What to do: Each line from the opening of the material through the line holding "Three simple rectangular" needs to be returned exactly, with the pictures left out.

━━━ Listed entries

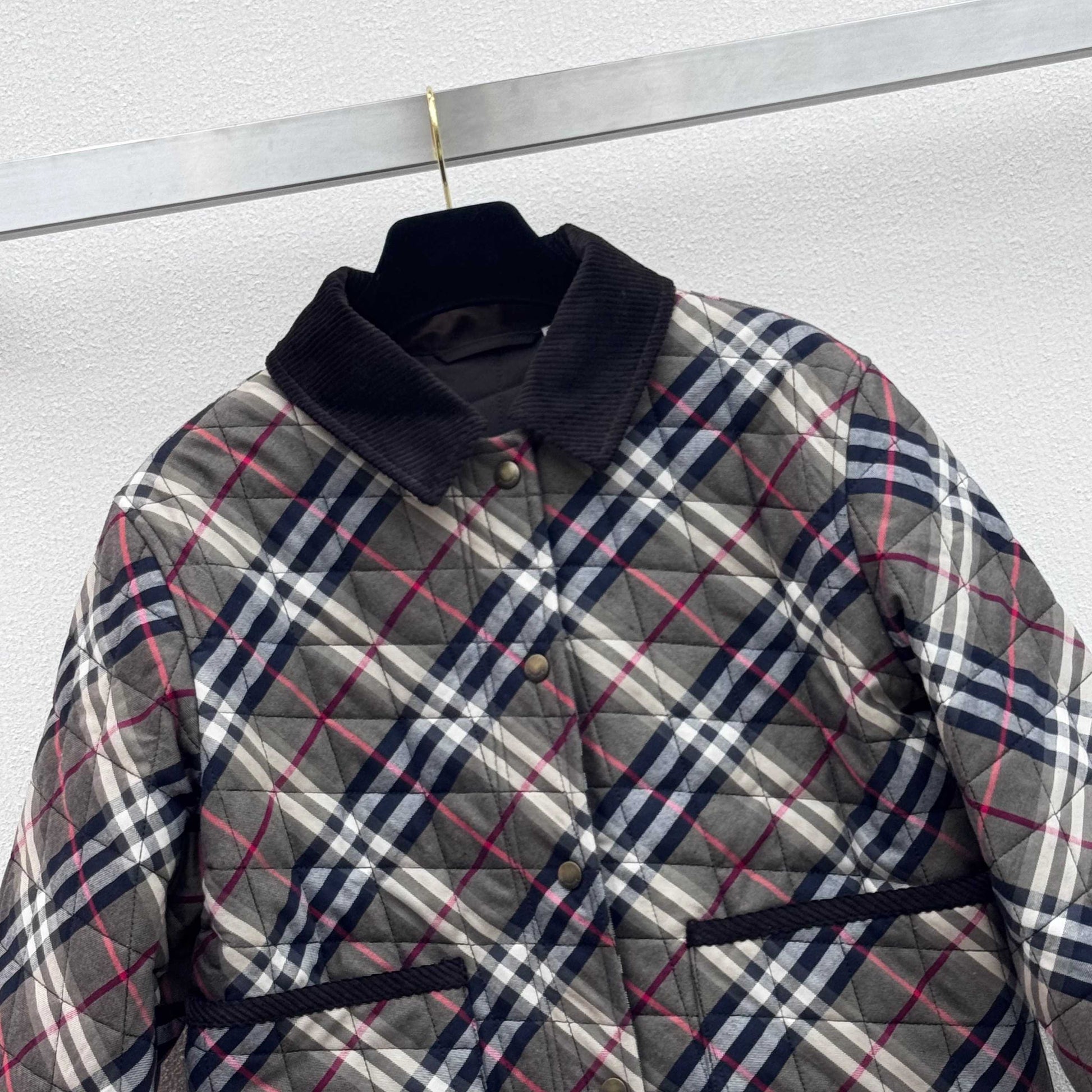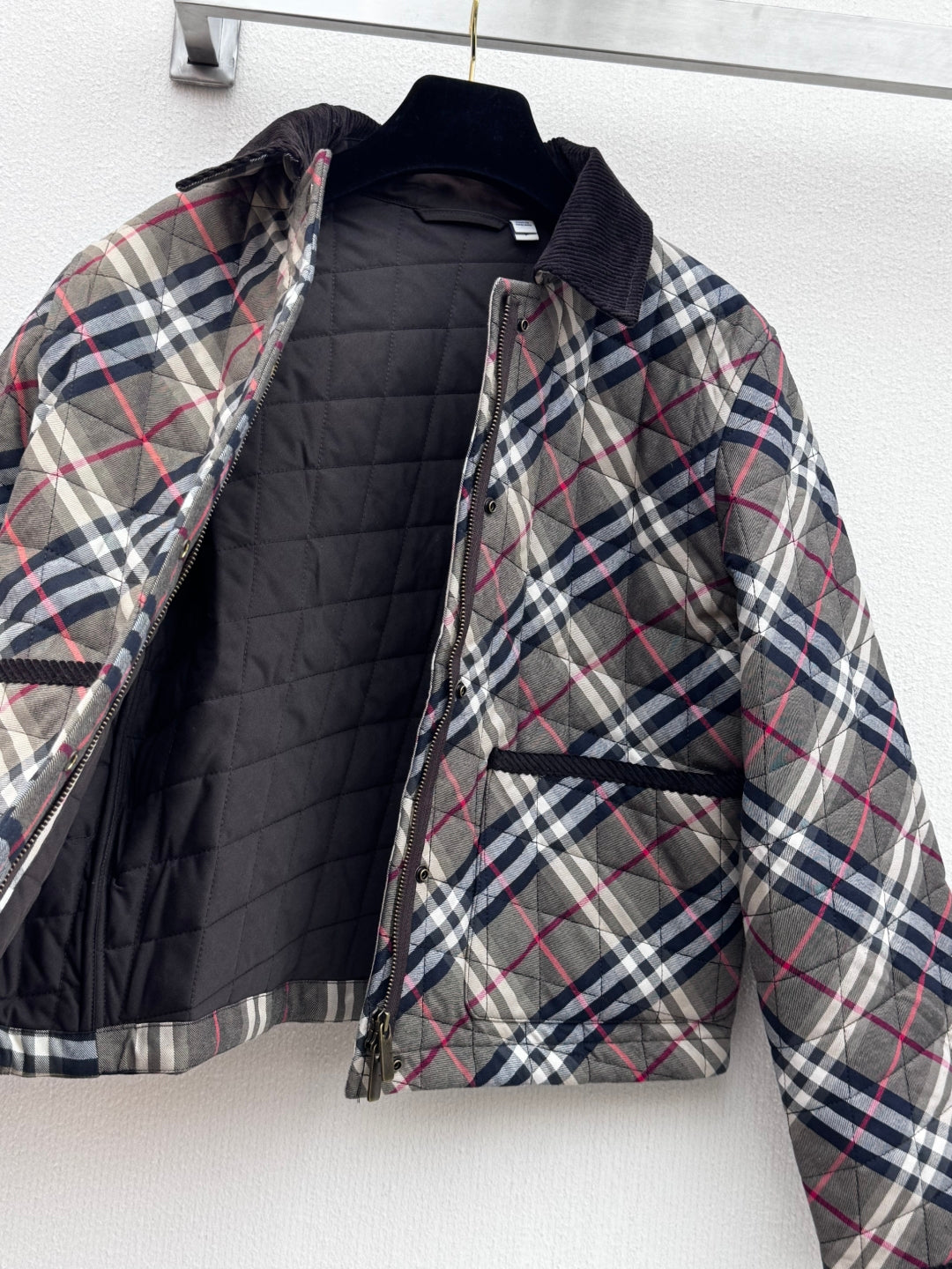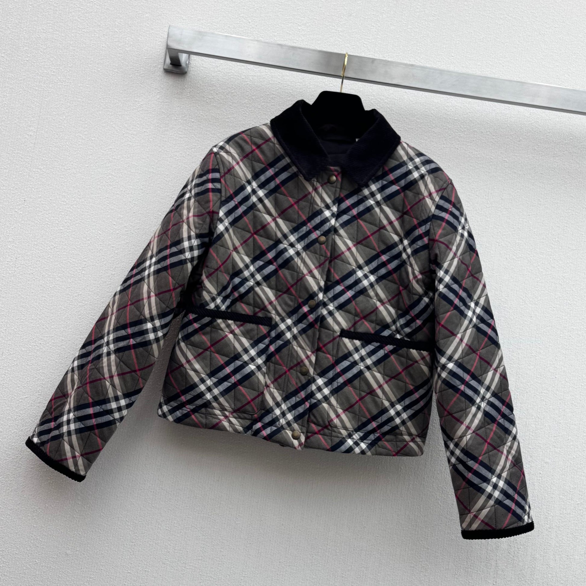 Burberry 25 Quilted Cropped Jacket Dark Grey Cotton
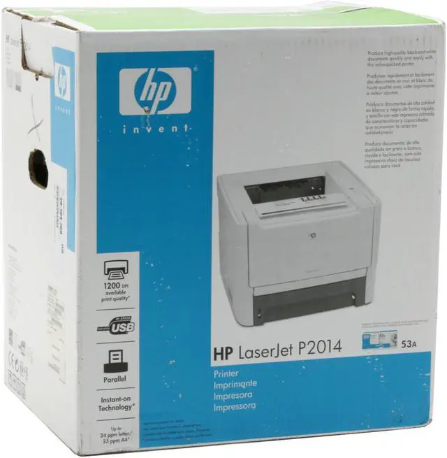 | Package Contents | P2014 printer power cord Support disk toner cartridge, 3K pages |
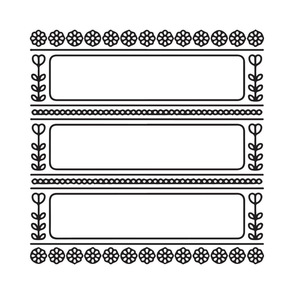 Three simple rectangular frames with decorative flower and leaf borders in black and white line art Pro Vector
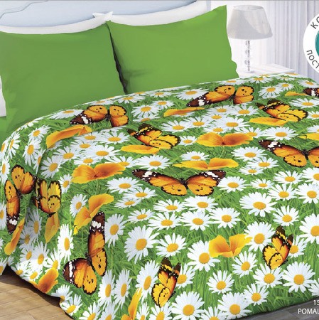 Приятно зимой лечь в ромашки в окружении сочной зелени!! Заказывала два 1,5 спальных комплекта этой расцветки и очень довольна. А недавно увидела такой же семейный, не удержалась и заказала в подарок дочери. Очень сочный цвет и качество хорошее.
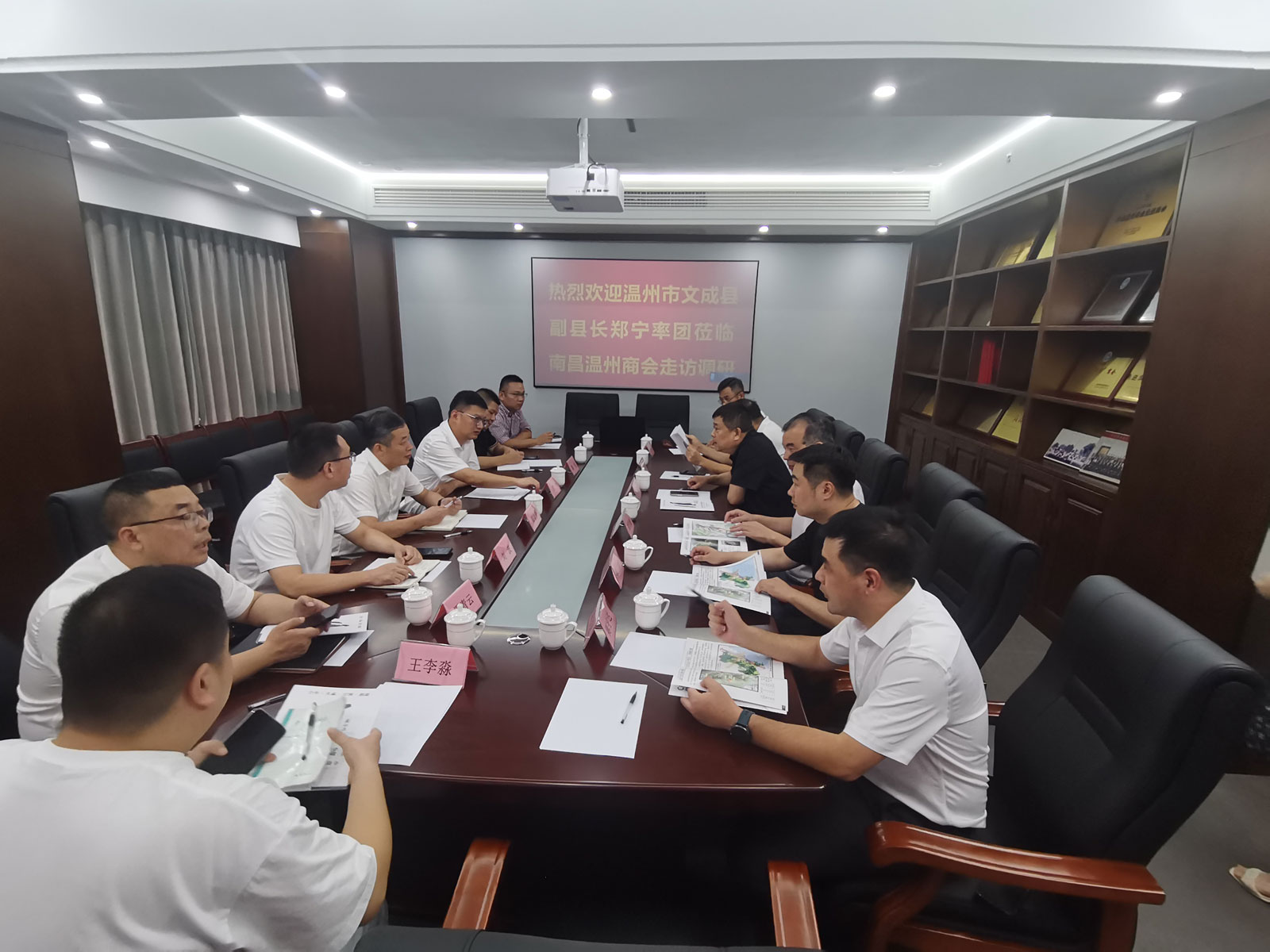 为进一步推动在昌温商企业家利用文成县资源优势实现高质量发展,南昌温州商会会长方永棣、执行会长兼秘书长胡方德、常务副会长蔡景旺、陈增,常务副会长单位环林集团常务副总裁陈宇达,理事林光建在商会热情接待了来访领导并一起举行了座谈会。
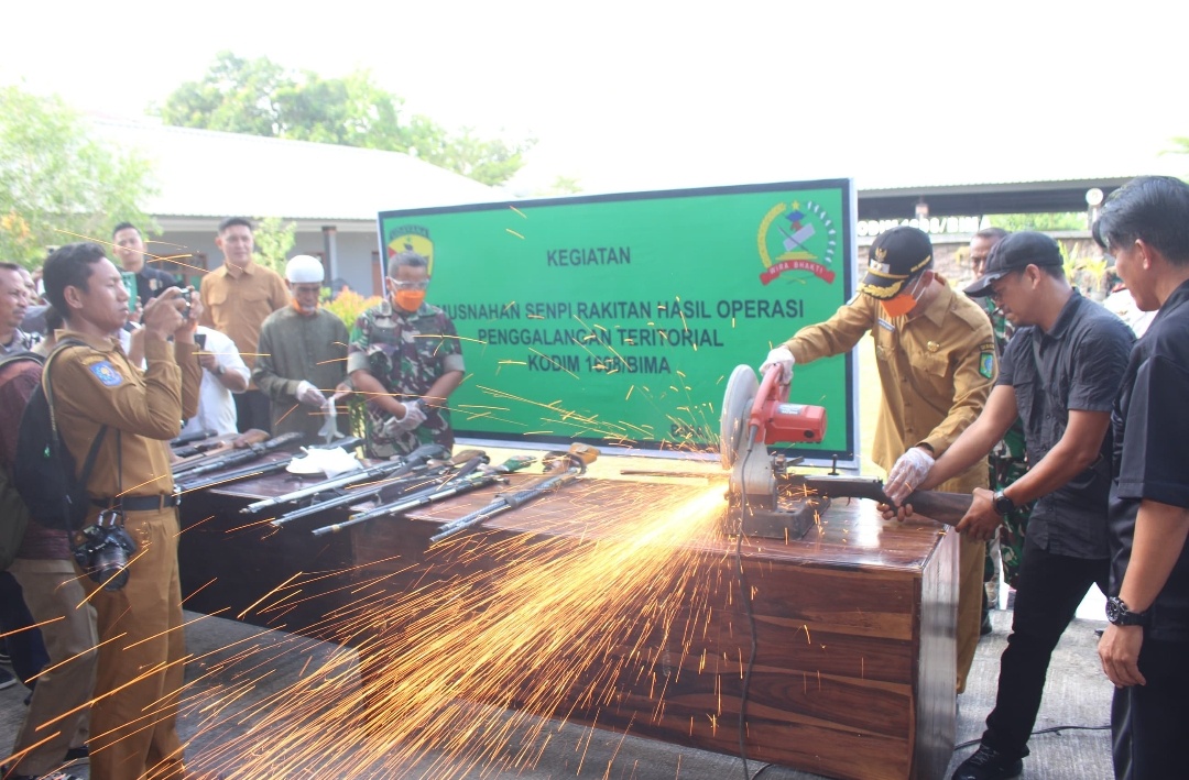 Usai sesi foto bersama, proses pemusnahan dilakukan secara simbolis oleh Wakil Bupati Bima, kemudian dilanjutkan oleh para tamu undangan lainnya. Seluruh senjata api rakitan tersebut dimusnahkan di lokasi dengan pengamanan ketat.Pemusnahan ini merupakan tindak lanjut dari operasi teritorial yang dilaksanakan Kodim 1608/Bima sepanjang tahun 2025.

━━━━━━

Solution for this problem:
 Burberry 25 Quilted Cropped Jacket Dark Grey Cotton
 | Package Contents | P2014 printer power cord Support disk toner cartridge, 3K pages |
 Three simple rectangular frames with decorative flower and leaf borders in black and white line art Pro Vector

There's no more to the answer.